Leroi’s breathing is deep and even, just like the relaxation exercise. When he doesn’t speak, I continue.

“The twins were waiting for me in the basement,” I say, my voice hitching. “They must have spent the day getting things prepared because the door had already been secured with a fingerprint lock.”

I pause, my breath mirroring Leroi’s, and try to relax in the warmth of his embrace. It’s impossible as the muscles around my lungs tighten, making it difficult to exhale.

“Was this the first time you’d met Samson and Gregor?” Leroi asks.

“Yes,” I say with a sigh. “Dad called me their little sister, but he talked about me like I was a dog that needed to be fed and watered. He said that if they couldn’t take care of their new pet, he would hand me over to someone more deserving. And then…”

Beneath me, Leroi goes perfectly still.

The words wither on my tongue and turn to ashes. I can’t talk about how they waited for Dad to leave before forcing me to strip or how Gregor mocked my body and said I wasn’t worth his time.

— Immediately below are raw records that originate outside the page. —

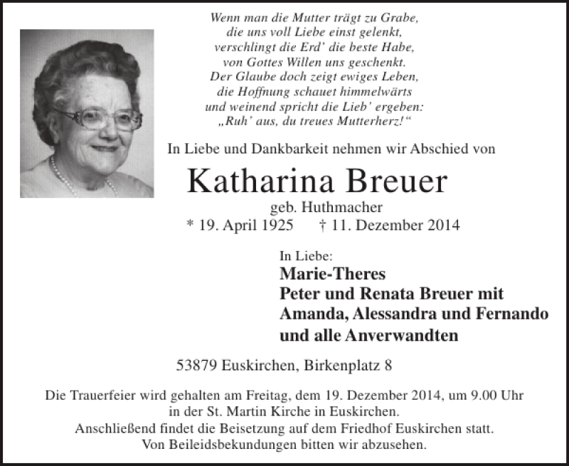 Hier finden Sie alle Traueranzeigen aus der Zeitung, die bisher für Katharina Breuer erschienen sind. Weitere Traueranzeigen, die in der Zeitung erscheinen, werden hier ebenfalls aufgelistet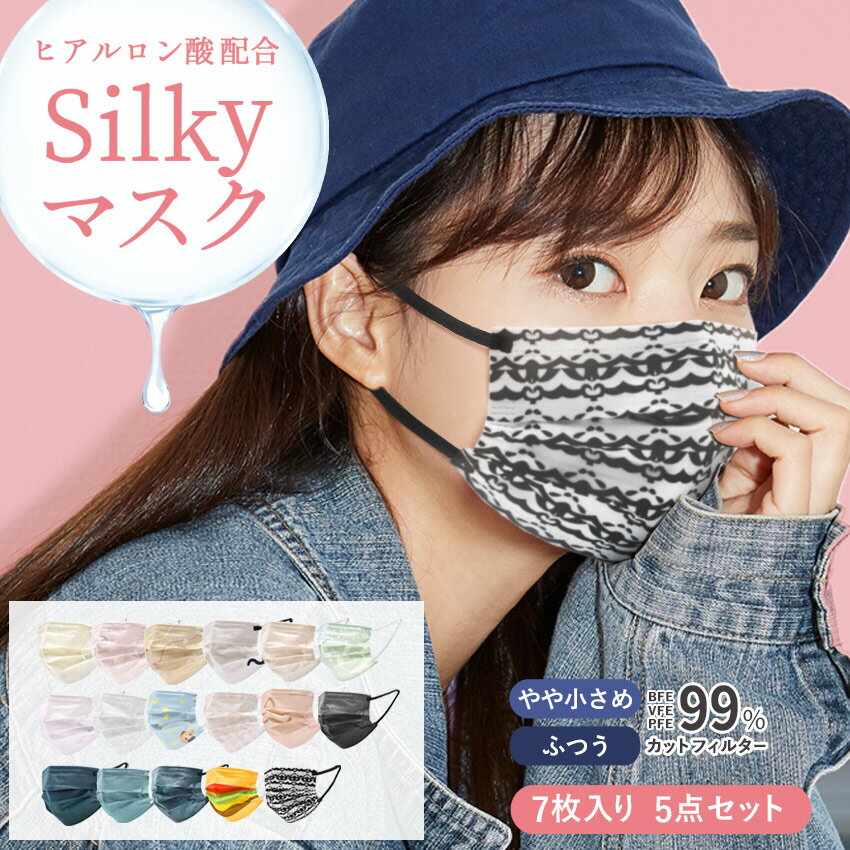 【35枚】不織布マスク ヒアルロン酸配合 7枚×5袋 血色マスク ふつうサイズ やや小さめ 使い捨て・・・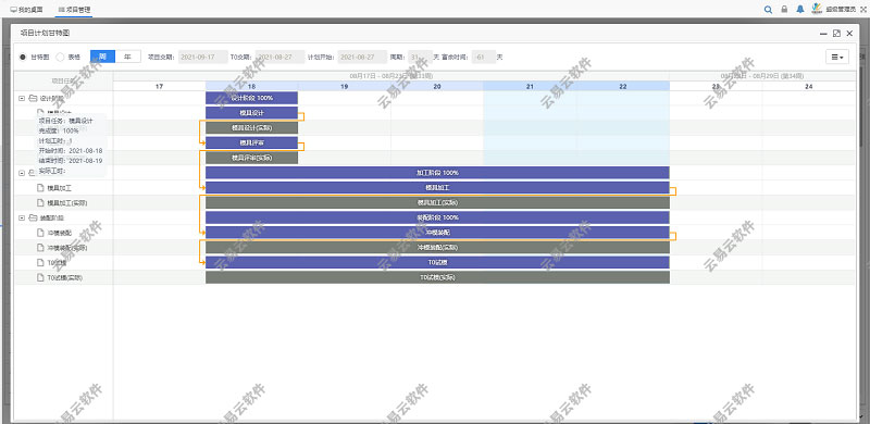 可導入項目計劃模板后快速生成,根據任務間的先后依賴關系,自動計算項目各任務的完成時間節點、項目周期、富余時間等相關計劃信息。可以查詢項目的大日程計劃,也可以查看項目的加工進度計劃,也可以用甘特圖查看。
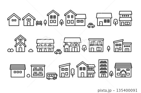 建物アイコン 不動産 家 住宅 戸建て シンプル イラスト セット バリエーション 線画 ベクター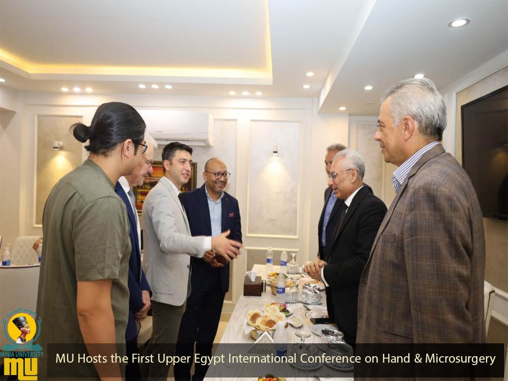 Prof. Dr. Essam Farahat, Minia University President, attended the welcome ceremony hosted by the Hand & Microsurgery Unit of Faculty of Medicine for guests of the First Upper Egypt International Conference on Hand & Microsurgery. This event includes leaders and pioneers from USA, Canada, Turkey, and Malaysia along with distinguished professors from various Egyptian universities. The conference holds from 3 to5 September 2025.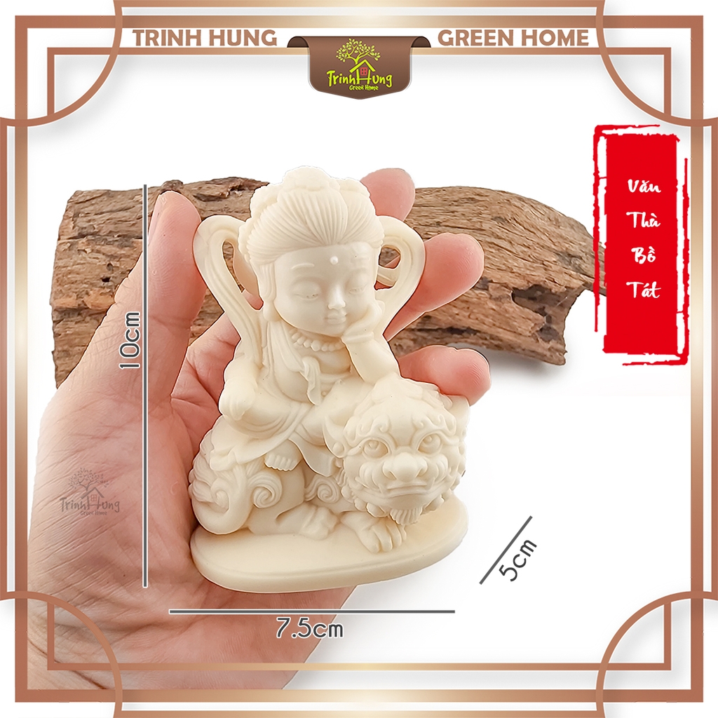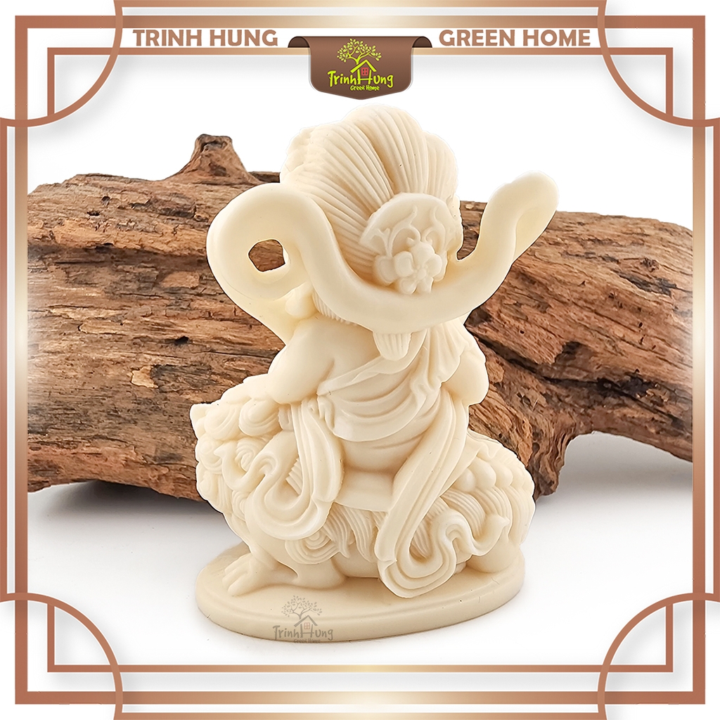 Tượng được làm từ quả ngà v.oi nghiền mịn (là một loại cây cọ sống lâu năm có thể cao tới 20m, nội nhũ bên trong hạt của quả ngà voi có màu trắng ngà, bề mặt mịn màng nhưng chất cứng như đá. Đây là những tính chất rất thanh cao và độc đáo, phù hợp để sử dụng làm các loại mỹ nghệ chạm khắc), kết hợp cùng 1 số phụ gia ép thành khuôn, sau đó được các người thợ thủ công chế tác, chất lượng sản phẩm sắc nét, tượng được cho vào máy đánh bóng nên tượng nhẵn mịn và có độ bóng nhất định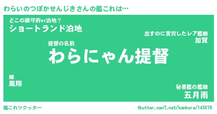 | ヘコむあだ名 | 『わらにー』『なまこ酢』『わらお』 |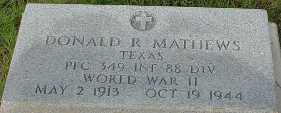 | Mathews | Donald R. | May 02 1913 | Oct 19 1944 | Texas PFC 349 WWII |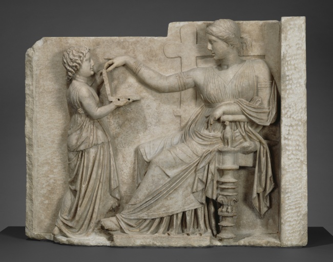And what about laptops? This Ancient Greek grave marker shows a young girl holding what looks like a laptop - or at least that what's some people claim! Personally, we reckon it's nothing more than a case that contains a valuable object.

My head bows. “You already know the rest.”

“When did they install the chip?” Leroi asks.

“After they realized the collar wouldn’t be enough.”

“And when did they fit the collar?”

I blow out a breath and fix my gaze on the clouds, wishing I could float away like them, and hoping he won’t freak out. “The first week, I bit a chunk out of Samson’s dick. Gregor came back the next day with a collar and called me an animal, but after that Samson was never the same.”

“What do you mean?” Leroi asks.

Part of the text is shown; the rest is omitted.